= Agricultural protectionism in Japan =

Agricultural Protectionism in Japan refers to the protection of farmers and the agricultural sector in Japan from international competition. The country has limited land to use for farming and until recent years, has been a protectionist country regarding agriculture. Farming in Japan has experienced economic inefficiency but has not dissuaded some Japanese from choosing to become either full or part-time farmers. In 2012 around 4% of the total work force in Japan was categorized as "agricultural workers", which was much higher than the United States (2.6%), England (1.5%) and Germany (2.8%). In order to support farming the Japanese government issued farmers massive grants. Due to increasing technology farming has increased in efficiency to where large rice fields can be harvested in about three days.

Japanese farms have also received support from the country's consumers, who are more likely to purchase domestically produced goods regardless of price, compared with goods produced in other countries.

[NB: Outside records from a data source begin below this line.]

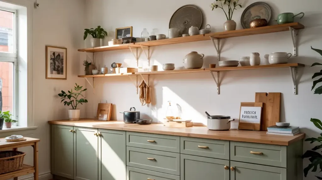 - The Palette: Stick to white, cream, wood, and glass items on the shelves. The sage wall behind them acts as a backdrop.
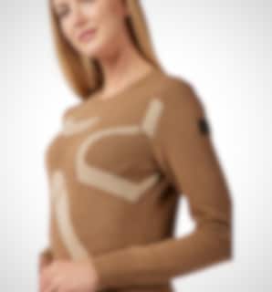 Vestrum's knitted sweater in the color Corten Beige is designed with details of a saddle, boot, horseshoe, and stirrup in a lighter beige shade. The sweater is made from a soft, warming material suitable for cooler weather. On one arm, there is Vestrum's classic logo in leather.
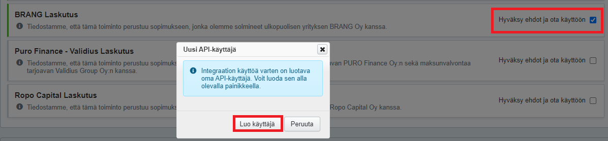 - Avautuvassa ikkunassa valitse Luo käyttäjä, jonka jälkeen sinulle luodaan automaattisesti uusi käyttäjätunnus ja salasana. Syötä nämä tiedot integraatiokumppanin palveluun.
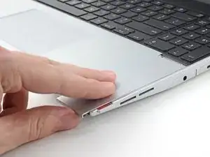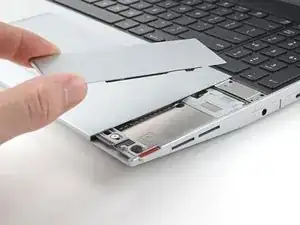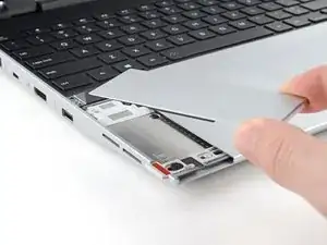 Используя пальцы, сдвиньте разделитель тачпада к нижнему краю ноутбука и отсоедините его.
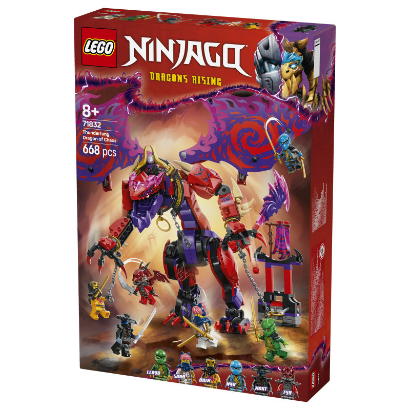 "LEGO NINJAGO Thunderfang Dragon of Chaos. Product type: Building set, Recommended age (min): 8 yr(s), Material: Plastic, Number of pieces: 668 pc(s). Package weight: 809 g"\n"The LEGO® NINJAGO® Thunderfang Dragon of Chaos (71832) ninja toy lets boys and girls aged 8 plus recreate thrilling action from season 3 of the NINJAGO Dragons Rising TV show. This building set for kids features a large dragon toy with a posable tail, legs, wings, feet, head and jaw, and a stud shooter under each wing. The dragon figure is chained to a small side build and can be released by unlocking it with 2 prismatic blade accessories.
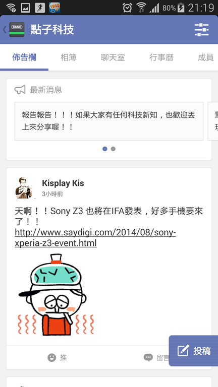 當然除了加入點子科技BAND外,大家也可自己組團來互相聯絡感情,這一部分大家可以參考恰爾斯的圖文介紹,看看BAND還可以怎麼玩!
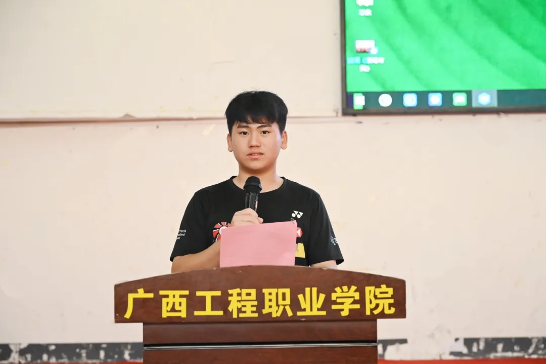 副校長黃德偉講話。他向在本次比賽中取得優(yōu)異成績的運動員和團隊表示熱烈的祝賀!向全體裁判員、工作人員致以誠摯的感謝!賽場上,運動員們以昂揚斗志詮釋體育精神,高遠球、扣殺球、網(wǎng)前球都展現(xiàn)出力量與技巧的完美碰撞,無論是老將還是新秀,都用拼搏彰顯了青年積極向上的風貌。本次比賽不僅是競技盛宴,更增進了各隊伍間的友誼,體現(xiàn)了以球會友、以賽促融的宗旨。他希望大家將賽場上的拼搏精神融入學習生活,為廣西工程職業(yè)學院高質量發(fā)展貢獻青春力量!
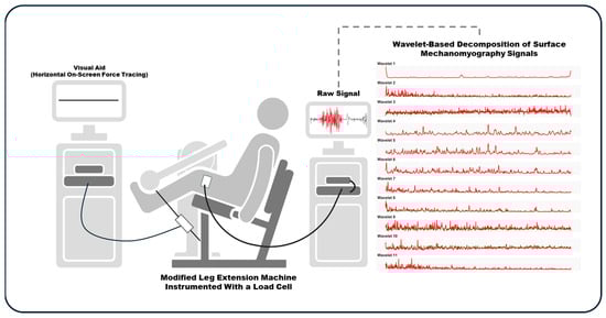 The changes in intensity within each wavelet domain were examined during a fatiguing, maximal, unilateral isometric leg extension in healthy, recreationally active men and women. Testing procedures involved performing isometric muscle actions on a modified leg extension machine (Body-Solid, GLCE365, Forest Park, IL, USA) equipped with a load cell (Honeywell Model 41 Precision Low Profile Load Cell, Charlotte, NC, USA). Neuromuscular responses were derived from sMMG signals recorded from the vastus lateralis of the non-dominant limb, with leg dominance determined based on participants’ kicking preference. The non-dominant leg was specifically selected for testing to standardize conditions across all participants, as it is typically less trained and less likely to have undergone specific conditioning compared to the dominant leg [43]. This approach was intended to minimize potential confounding factors related to prior training or habitual use.
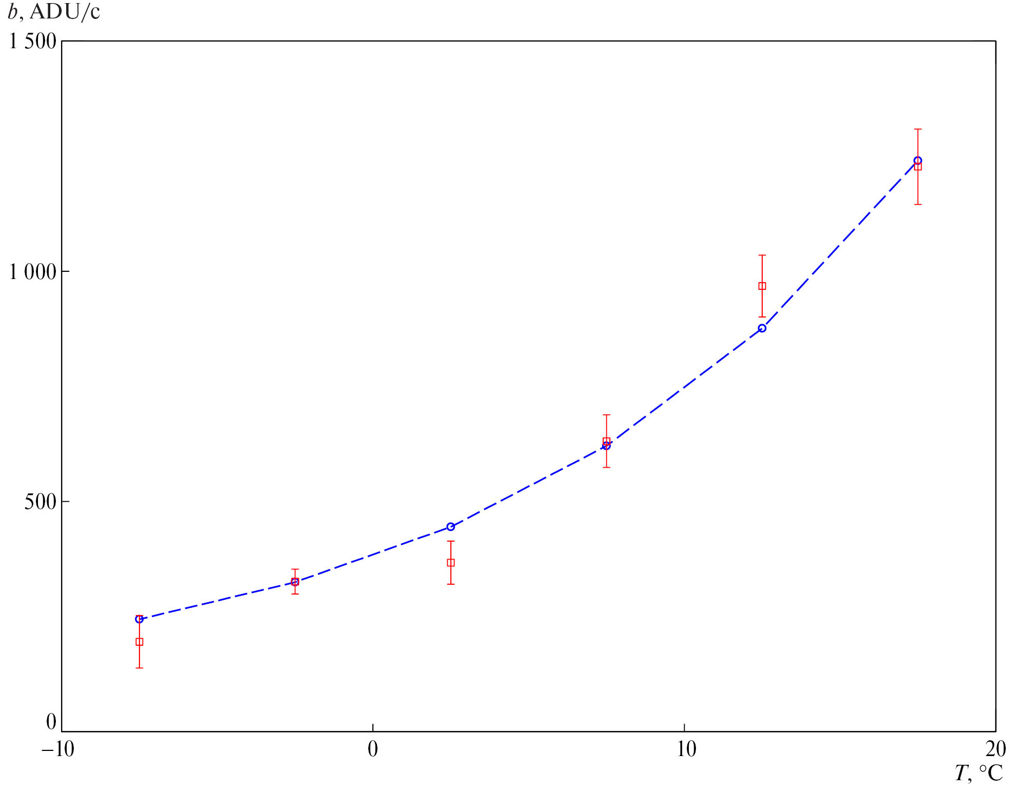 Видно, что вычисленные точки хорошо описывают наблюдаемую зависимость b(T ). Это позволяет выделить среднее значение постоянного вклада заатмосферного фона C ≈ 100 ADU/с и оценить величину e, имеющую при фиксации расстояния до АЧТ размерность площади. Для характерного расстояния 5 м e ≈ 750 см².
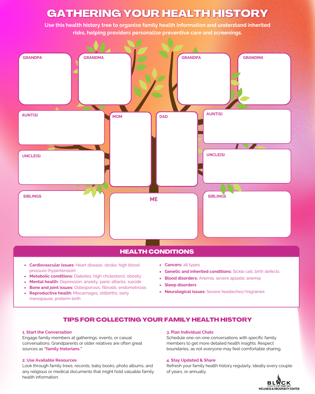 Use this health history tree to organize family health information and understand inherited risks, helping providers personalize preventive care and screenings.

== Politician influence ==
Farmers have received much political support in Japan. According to researchers such as Yusaku Horiuchi and Jun Saito, there are several possible reasons for this. One was that until the 1994 electoral reform, farmers were able to provide more organized political support such as votes, as consumers are more diffused and unorganized, making it difficult to collectively act and lobby. After the reform this became more difficult to accomplish and after the Japan Agricultural Cooperatives' decentralization reform in 2015 it became more difficult for farmers.

Another reason was that two of the biggest political parties of Japan made an effort to push for agricultural protectionism in Japan. The Liberal Democratic Party has been a pro-rural party since its establishment and the Democratic Party of Japan has also sought to get rural votes by advocating for income compensation for farmers. Two party competition & political mobilization around 2008 contributed to the government's increased effort to raise citizens’ concerns for food self-sufficiency issue.

== Food safety concerns ==
Other than politician influence on food protectionism, observers of Japan have thought that Japanese consumers seem to be willing to support the high price because of issues related with food safety as well. Possible disease and poison in import food made many Japanese worrisome and turned to domestic produced goods only. In 2001, China exported vegetables with pesticide residues to Japan. In 2004, bird flu was found in import from Thailand, Indonesia, etc. In 2008, dumplings imported from China were found to be poisoned. There were cases of unsafe food found in Japan as well. Mad-cow disease was found in Japanese beef in 2001. To best eliminate its negative effect, politicians quickly organized gathering to devour beef and invited mass media and ate beef in front of TV cameras to demonstrate its safety.

== Government policies and other institutions ==
The LDP & Ministry of Agriculture, Forestry and Fishery’s created a program called Food Action Nippon Program ("FAN"). The slogan for the program was "Everybody, let's increase the Food Self-Sufficiency Ratio!". It was aimed to educated consumers about Japan's low food self-sufficiency ratio and to encourage domestic consumption. In 2005, "Food Education" legislation was created to encourage using locally-grown food for public school lunches. Through this legislation, children were taught about local agriculture and food traditions and local farmers were benefited as well.

== Shift from food protectionism ==
Due to the aging of Japan and the decrease of couples having children, a large percent of the Japanese population is over the age of 65. Kazuhito Yamashita has claimed that this has resulted in an increase of government debt and makes agricultural protectionism no longer affordable. Japan, along with 10 other countries, negotiated the Trans-Pacific Partnership Agreement and member countries signed the agreement in 2016. The negotiation was aimed to eliminate tariffs on all products, without exceptions, within ten years from the conclusion. Yamashita also claims that trade liberalization is beneficial, as it lowers the food price and helps the government get rid of excessive subsidization of farmers.